Open akiesler opened 1 year ago
For anyone else facing this same issue I was able to hack together this solution.
import { Alarm, CfnAlarm, MathExpression } from 'aws-cdk-lib/aws-cloudwatch';
import { MonitoringFacade } from 'cdk-monitoring-constructs';
// Hack the underlying CFN types to be mutable so we can modify them.
type MetricDataQueryProperty = {
-readonly [K in keyof CfnAlarm.MetricDataQueryProperty]: CfnAlarm.MetricDataQueryProperty[K];
};
type MetricStatProperty = {
-readonly [K in keyof CfnAlarm.MetricStatProperty]: CfnAlarm.MetricStatProperty[K];
};
export function fixMetricMathMinSamples(monitoringFacade: MonitoringFacade) {
// Find all minimum samples metric math alarms
const alarms = monitoringFacade.node.children
.filter((c) => c instanceof Alarm)
.map((alarm) => alarm as Alarm)
.filter((alarm) => alarm.node.id.includes('NoSamples') && alarm.metric instanceof MathExpression);
alarms.forEach((alarm) => {
const metrics = (alarm.node.defaultChild! as CfnAlarm).metrics! as MetricDataQueryProperty[];
// Convert Metric Math to use the MAX Sample Count
metrics.filter((m) => m.expression).forEach((m) => (m.expression = 'MAX(METRICS())'));
// Convert Metrics to using SampleCount
metrics.filter((m) => m.metricStat).forEach((m) => ((m.metricStat as MetricStatProperty).stat = 'SampleCount'));
});
}
Would love to see the logic fixed in the library itself.
This is where minMetricSamplesToAlarm
is currently handled: https://github.com/cdklabs/cdk-monitoring-constructs/blob/main/lib/common/alarm/AlarmFactory.ts#L575-L607
We create an additional alarm based on a sample count variation of the provided metric that's then used in a composite alarm.
I'm not entirely sure how to best solve for this. Potentially the most straightforward naive solution would be to create a noSamplesAlarm
equivalent for every underlying metric (e.g., Object.values(adjustedMetric.usingMetrics)
), then use all of those in the composite alarm. There's a risk that we'd hit the limit for a composite alarm though.
On the other hand, DATAPOINT_COUNT
is not recommend for use in alarms as per the docs:
We recommend that you do not use this function in CloudWatch alarms. Whenever an alarm evaluates whether to change state, CloudWatch attempts to retrieve a higher number of data points than the number specified as Evaluation Periods. This function acts differently when extra data is requested.

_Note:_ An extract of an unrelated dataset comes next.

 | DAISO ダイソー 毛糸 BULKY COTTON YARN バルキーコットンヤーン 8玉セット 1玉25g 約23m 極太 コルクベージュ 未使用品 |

Considering you provided the above hacky solution, did you have any opinion @akiesler ?
I think the devil is in the details. Do we know how the function behaves differently and went what extra data is requested?

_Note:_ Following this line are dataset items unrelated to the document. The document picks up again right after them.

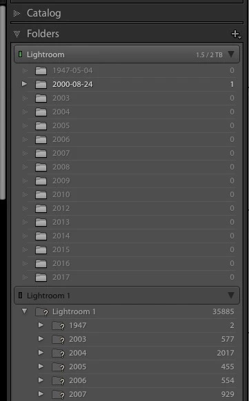 I am seeing a folder called Lightroom1 with the files and folder listed but they all have a ? and the LED is grayed out while I'm seeing a folder called Lightroom with the LED green. If I right click on the folders in Lightroom 1, with the ? and select find missing folders it will import them to the Lightroom folder.
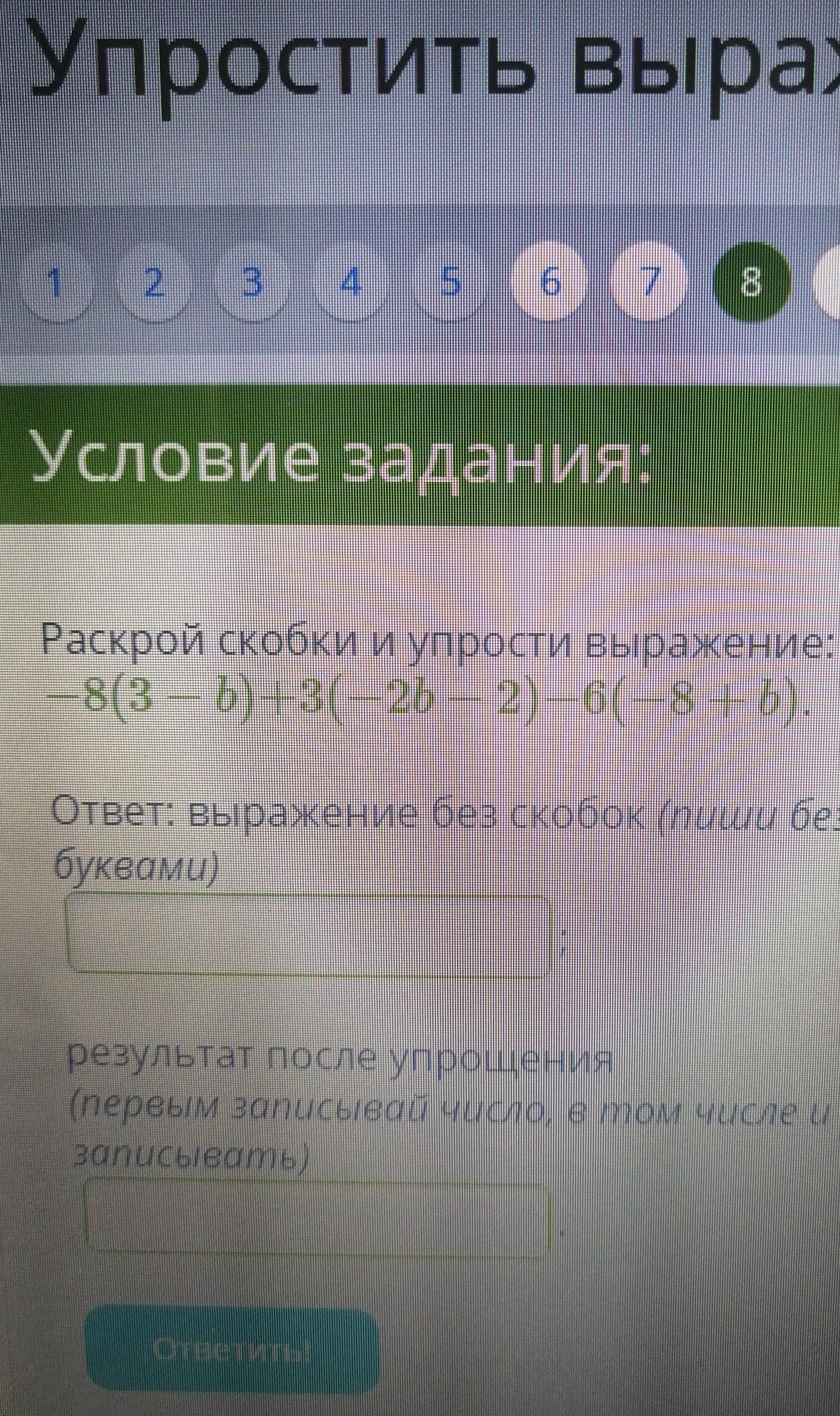 Ответ: - 8(3-b)+3(-2b-2)-6(-8+b)
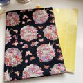【B5サイズ用】和風 着物のような花柄 鶴に蝶 ノートカバー 教科書カバー ブックカバー
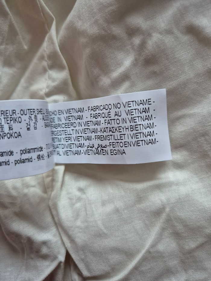 Doudoune courte de la marque Zara. Neuve, encore avec son étiquette. Coloris = blanc cassé. Indiquée en taille XS mais taille très grand. Peut convenir jusqu'au petit 40. Grand col. Fermeture par 4 boutons pression. 2 poches latérales. Composition = 100% polyamide, remourrage 100% polyester. Fabriqué au Vietnam. Mesures à plat = Largeur aux épaules = 58cm environ. Largeur aux aisselles = 58cm environ. Longueur = 58cm environ. N'hésitez pas à me contacter si vous avez des questions. Je vous répondrai dès que possible.
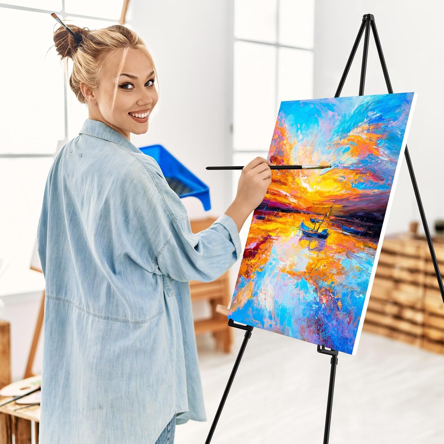 • 【Portable & Space-Saving】Weighing only 2.5 lbs, this lightweight easel stand folds flat and comes with a storage bag for easy transport. Great for artists on the go or event planners!
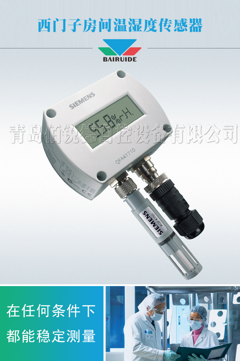 西門子溫濕度傳感器 QFM4..高精度帶標定證書風管安裝測量相對濕度和溫度濕度測量范圍:0...100%r.h.濕度測量精度:0...100%相對濕度,23℃時,精度為±23% .溫度測量范圍:0..50℃/-35...35℃/-40...70℃時間常數(shù):濕度20s;溫度20s浸入長度:90...206mm接線:4線防護等級:IP65型號概覽參考型號溫度元件…
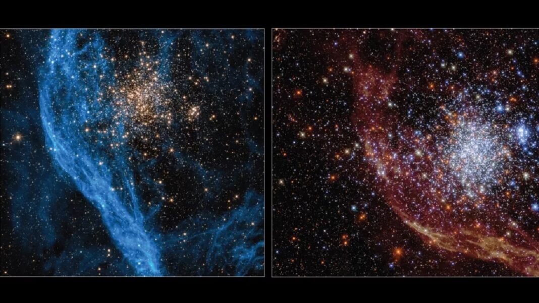 Në të dy imazhet ndriçojnë yje të ndryshme. Më të rinjtë janë në blu të ndezur që duken në foton me ngjyrim të kuq. Sipas NASA-s, “ata ndriçojnë dhe digjen më shumë” krahasuar me yjet e kuq.
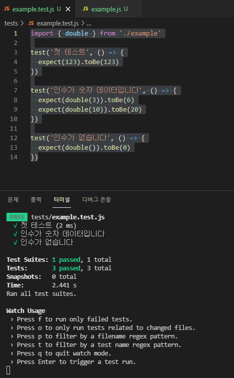 import { double } from './example' test('첫 테스트', () => { expect(123).toBe(123) }) test('인수가 숫자 데이터입니다', () => { expect(double(3)).toBe(6) expect(double(10)).toBe(20) }) test('인수가 없습니다', () => { expect(double()).toBe(0) })- /test/emapmle.js 생성

This function acts differently when extra data is requested.
My own experience has been that using the DATAPOINT_COUNT
hasn't resulted in any significant issues but I wouldn't want to say it will work for all users.
I think that it would be a viable stop-gap to ensure customers are getting at least some protection while we investigate the long-term solution.
Version
5.3.4
Steps and/or minimal code example to reproduce
Expected behavior
I would expect the corresponding "NoSamples" alarm to either check each metrics has the necessary number of samples or wrap the entire expression in
DATAPOINT_COUNT
to check for the correct sample count.Actual behavior
The same metric alarm is created because there is no statistic prop to update.
Other details
No response